[Exercise details] Reproduce nothing beyond the line containing "Cute happy Bengal". From the first line of the data below down to it, copy each line exactly, without the pictures.

[Data below]
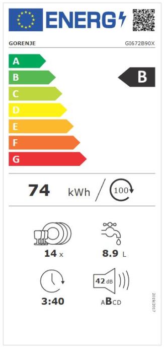 Potrošnja energije na 100 ciklusa: 74 kWh
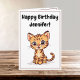 Cute happy Bengal cat kitten birthday card with customisable name and greeting - personalise with your own custom birthday greeting.
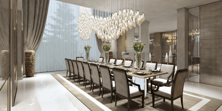 Materials and finishes further enhance the space’s identity. Glass, incorporated into lighting fixtures, creates sculptural statement pieces. These elements not only provide illumination but double as focal points of artistic expression, balancing the room’s bold proportions with delicate intricacy. Whether sleek and minimalist or ornate and timeless, these fixtures embody the fusion of functionality and aesthetics.

[Solved problem]
 Potrošnja energije na 100 ciklusa: 74 kWh
 Cute happy Bengal cat kitten birthday card with customisable name and greeting - personalise with your own custom birthday greeting.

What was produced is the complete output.